Core Concepts
This paper presents the first dataset for automatic speech recognition (ASR) in the endangered Kichwa language, containing 4 hours of audio with transcriptions, Spanish translations, and morphosyntactic annotations in Universal Dependencies format.
Abstract
The paper introduces the Killkan dataset, the first resource for automatic speech recognition (ASR) in the Kichwa language, an endangered indigenous language of Ecuador.

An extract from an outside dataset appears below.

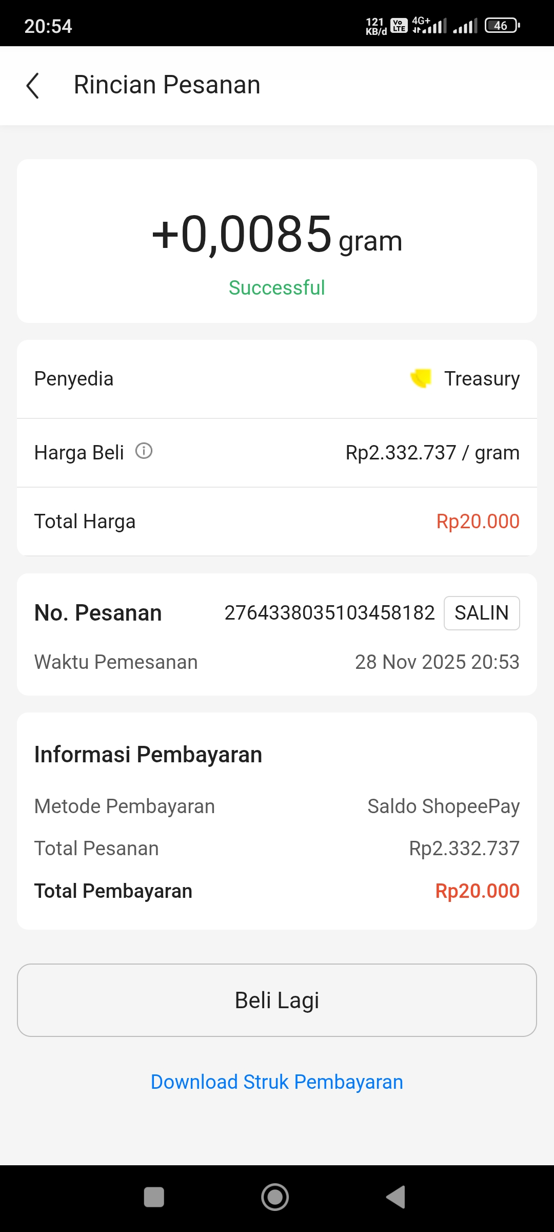| 28 Nov 2025, 20:57 | Saya | Setor | Rp 20.000 | Tezza |

The dataset contains approximately 4 hours of audio with transcriptions, Spanish translations, and morphosyntactic annotations in the Universal Dependencies format.
Key highlights:
Kichwa is an extremely low-resource language with no prior datasets available for natural language processing.
The audio data was retrieved from a publicly available radio program in Kichwa, and the transcriptions were manually corrected and aligned with the audio.
The dataset includes Spanish-Kichwa code-switching, which is common in spoken Kichwa, and the annotations capture this phenomenon.
The morphosyntactic annotations extend the Universal Dependencies guidelines to represent Kichwa-specific features like topic, focus, and switch-reference.
Experiments show that the dataset enables the development of the first reliable ASR system for Kichwa, achieving a character error rate of 2.04% when fine-tuning the wav2vec2 model.
The dataset, ASR model, and the code used to develop them will be publicly available, contributing to resource building and applications for low-resource languages.
Stats
The dataset contains approximately 4 hours of audio with 26,544 tokens.
The average length of a token is 6.12 characters.
The average sentence length is 6.76 tokens.
Quotes
"Kichwa is an extremely low-resource endangered language, and there have been no resources before Killkan for Kichwa to be incorporated in applications of natural language processing."
"Our dataset, the ASR model, and the code used to develop them will be publicly available. Thus, our study positively showcases resource building and its applications for low-resource languages and their community."